═════ DATA FOR REVIEW
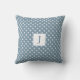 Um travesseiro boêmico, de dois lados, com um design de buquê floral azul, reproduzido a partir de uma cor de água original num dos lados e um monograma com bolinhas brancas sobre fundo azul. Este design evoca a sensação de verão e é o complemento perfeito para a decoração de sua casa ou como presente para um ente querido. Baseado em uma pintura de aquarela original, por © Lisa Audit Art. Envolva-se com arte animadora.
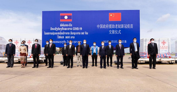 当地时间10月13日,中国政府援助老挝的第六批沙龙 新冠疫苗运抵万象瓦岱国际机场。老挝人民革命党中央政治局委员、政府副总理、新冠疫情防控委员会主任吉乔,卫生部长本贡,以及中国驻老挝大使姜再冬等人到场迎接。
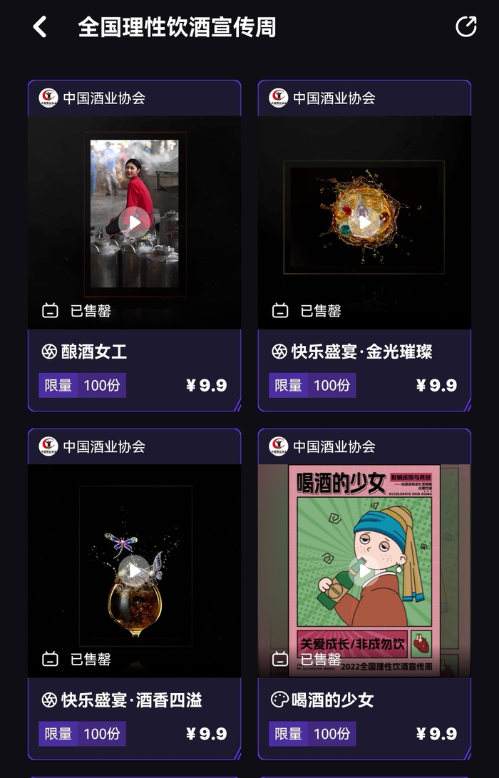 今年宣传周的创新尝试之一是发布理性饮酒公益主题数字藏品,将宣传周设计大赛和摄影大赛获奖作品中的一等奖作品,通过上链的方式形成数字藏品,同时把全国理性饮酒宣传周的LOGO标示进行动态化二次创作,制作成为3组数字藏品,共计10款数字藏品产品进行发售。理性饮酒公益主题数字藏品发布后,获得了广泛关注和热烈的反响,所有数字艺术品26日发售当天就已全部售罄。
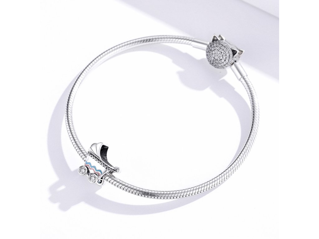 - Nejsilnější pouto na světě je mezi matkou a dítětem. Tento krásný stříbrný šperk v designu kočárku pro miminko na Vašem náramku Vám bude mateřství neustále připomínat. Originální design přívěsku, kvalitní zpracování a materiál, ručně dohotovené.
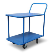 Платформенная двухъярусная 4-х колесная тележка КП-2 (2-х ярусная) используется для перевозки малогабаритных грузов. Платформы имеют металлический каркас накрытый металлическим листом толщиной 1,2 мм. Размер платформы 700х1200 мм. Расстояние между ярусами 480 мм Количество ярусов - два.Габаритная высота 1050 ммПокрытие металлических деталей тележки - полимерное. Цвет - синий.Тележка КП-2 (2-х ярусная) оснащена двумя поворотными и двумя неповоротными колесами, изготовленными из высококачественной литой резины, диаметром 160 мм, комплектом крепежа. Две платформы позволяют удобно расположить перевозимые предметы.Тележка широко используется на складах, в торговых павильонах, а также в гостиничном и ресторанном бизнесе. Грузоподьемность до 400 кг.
══════════
═════ DATA FOR REVIEW
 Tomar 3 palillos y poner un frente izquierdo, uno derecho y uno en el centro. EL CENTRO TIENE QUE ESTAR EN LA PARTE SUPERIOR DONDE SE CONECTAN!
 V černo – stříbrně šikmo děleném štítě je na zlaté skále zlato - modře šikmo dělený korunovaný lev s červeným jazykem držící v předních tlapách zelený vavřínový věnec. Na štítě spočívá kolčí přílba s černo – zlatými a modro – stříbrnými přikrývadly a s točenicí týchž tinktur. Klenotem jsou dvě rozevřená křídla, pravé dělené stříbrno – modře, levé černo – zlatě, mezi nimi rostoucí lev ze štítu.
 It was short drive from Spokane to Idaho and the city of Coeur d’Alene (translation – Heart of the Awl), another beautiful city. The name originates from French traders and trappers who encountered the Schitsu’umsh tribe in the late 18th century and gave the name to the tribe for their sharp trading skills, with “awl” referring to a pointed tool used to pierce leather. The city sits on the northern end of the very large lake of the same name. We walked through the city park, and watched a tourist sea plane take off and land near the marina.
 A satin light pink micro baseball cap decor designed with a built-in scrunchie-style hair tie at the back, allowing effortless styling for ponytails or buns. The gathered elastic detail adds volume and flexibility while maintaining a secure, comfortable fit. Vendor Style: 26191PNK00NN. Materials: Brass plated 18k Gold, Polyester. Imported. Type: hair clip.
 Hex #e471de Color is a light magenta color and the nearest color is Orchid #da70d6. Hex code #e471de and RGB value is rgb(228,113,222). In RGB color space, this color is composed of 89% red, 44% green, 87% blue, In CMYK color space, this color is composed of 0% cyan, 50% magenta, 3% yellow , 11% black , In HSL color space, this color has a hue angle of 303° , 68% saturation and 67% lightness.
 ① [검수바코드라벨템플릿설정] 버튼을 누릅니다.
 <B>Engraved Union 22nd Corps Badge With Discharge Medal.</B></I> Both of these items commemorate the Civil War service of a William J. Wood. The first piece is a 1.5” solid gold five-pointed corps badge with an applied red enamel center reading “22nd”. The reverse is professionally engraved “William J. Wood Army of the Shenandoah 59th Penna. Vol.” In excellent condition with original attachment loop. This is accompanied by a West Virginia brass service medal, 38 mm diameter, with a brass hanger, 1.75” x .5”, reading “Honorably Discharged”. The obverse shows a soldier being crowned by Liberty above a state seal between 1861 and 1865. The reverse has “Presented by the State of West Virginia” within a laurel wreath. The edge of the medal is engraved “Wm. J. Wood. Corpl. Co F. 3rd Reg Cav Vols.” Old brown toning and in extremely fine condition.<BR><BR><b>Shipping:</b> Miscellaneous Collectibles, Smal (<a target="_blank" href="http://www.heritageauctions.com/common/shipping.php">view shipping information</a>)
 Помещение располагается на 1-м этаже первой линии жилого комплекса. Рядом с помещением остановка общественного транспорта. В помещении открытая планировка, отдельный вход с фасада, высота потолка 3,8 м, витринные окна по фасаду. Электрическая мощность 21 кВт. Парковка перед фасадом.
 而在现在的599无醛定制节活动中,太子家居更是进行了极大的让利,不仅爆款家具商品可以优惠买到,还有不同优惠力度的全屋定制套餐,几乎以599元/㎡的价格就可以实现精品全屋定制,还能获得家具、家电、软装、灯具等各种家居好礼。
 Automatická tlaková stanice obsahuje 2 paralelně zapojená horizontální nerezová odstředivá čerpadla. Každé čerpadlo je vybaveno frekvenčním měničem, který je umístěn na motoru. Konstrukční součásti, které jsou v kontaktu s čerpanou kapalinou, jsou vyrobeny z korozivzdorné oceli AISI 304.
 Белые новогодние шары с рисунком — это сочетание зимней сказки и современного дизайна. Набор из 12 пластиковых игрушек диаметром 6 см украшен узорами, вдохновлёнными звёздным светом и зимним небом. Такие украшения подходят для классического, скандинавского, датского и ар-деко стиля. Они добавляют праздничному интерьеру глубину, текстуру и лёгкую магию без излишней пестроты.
══════════
Working from the data above, extract solely the lines from the one containing "而在现在的599无醛定制节活" through the one containing "Белые новогодние шары", exactly as they appear, both included.

▸ SOLUTION TO THIS TASK
 而在现在的599无醛定制节活动中,太子家居更是进行了极大的让利,不仅爆款家具商品可以优惠买到,还有不同优惠力度的全屋定制套餐,几乎以599元/㎡的价格就可以实现精品全屋定制,还能获得家具、家电、软装、灯具等各种家居好礼。
 Automatická tlaková stanice obsahuje 2 paralelně zapojená horizontální nerezová odstředivá čerpadla. Každé čerpadlo je vybaveno frekvenčním měničem, který je umístěn na motoru. Konstrukční součásti, které jsou v kontaktu s čerpanou kapalinou, jsou vyrobeny z korozivzdorné oceli AISI 304.
 Белые новогодние шары с рисунком — это сочетание зимней сказки и современного дизайна. Набор из 12 пластиковых игрушек диаметром 6 см украшен узорами, вдохновлёнными звёздным светом и зимним небом. Такие украшения подходят для классического, скандинавского, датского и ар-деко стиля. Они добавляют праздничному интерьеру глубину, текстуру и лёгкую магию без излишней пестроты.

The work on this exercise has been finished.